Jacob was the father of Joseph, the husband of Mary.
Of her was born Jesus who is called the Christ.
Yesterday, I heard an interview with the director of the largest hospital in the northern Italian town of Bergamo, telling of the wrenching decisions that his medical staff have to make determining who will get limited life-saving ventilators and who will not in the midst of this novel coronavirus pandemic. Inevitably, if the choice is between an 80-year-old or a 40-year-old with a family, the choice is sadly obvious. He wept when he shared the fact that since visitors are rigidly restricted due to the virulence of contagion, many of the older patients die alone. Because of the numbers of deaths and limited medical personnel, calls to relatives sadly notifying them of the death of their loved ones, can be delayed days.
In the midst of this world-wide crisis, the Church pauses in the midst of our Lenten journey, to mark and celebrate the Solemnity of St. Joseph, husband of Mary and foster-father of Jesus.

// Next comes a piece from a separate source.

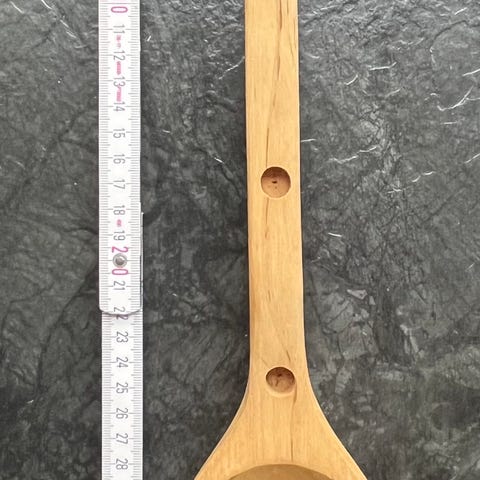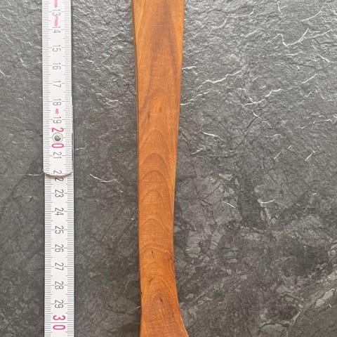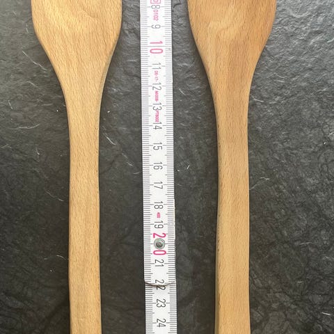 Træ køkkenredskaber i form af to ske-/spatel-lignende redskaber. Længden er ca. 30 cm. Velegnet til madlavning og omrøring i gryder og pander.
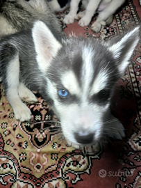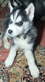 Maschio di husky siberian dal manto nero e bianco..dagli occhi neri..nata il 29 ottobre. Gia sverminata e svezzata..genitori puri e visibili vivono con noi

We know only the faintest outlines of Joseph’s life from sacred scripture with pious tradition filling in the rest. St. Joseph has down through the ages been the patron of a ‘happy death.’ Why? Because tradition has it that both Mary and Jesus were there when he died, that is why!
Because of our belief in being part of the Body of Christ and our solidarity with all those who have gone before us in faith in the communion of saints, no one of us ever truly dies alone. While we long to be surrounded and companioned physically by our loved ones at the time of death, we are never truly alone in that definitive leave taking. The holy ones are there to lead us to that fulness of life prepared for us from the foundation of the world, to rejoice forever with Jesus, Mary and Joseph.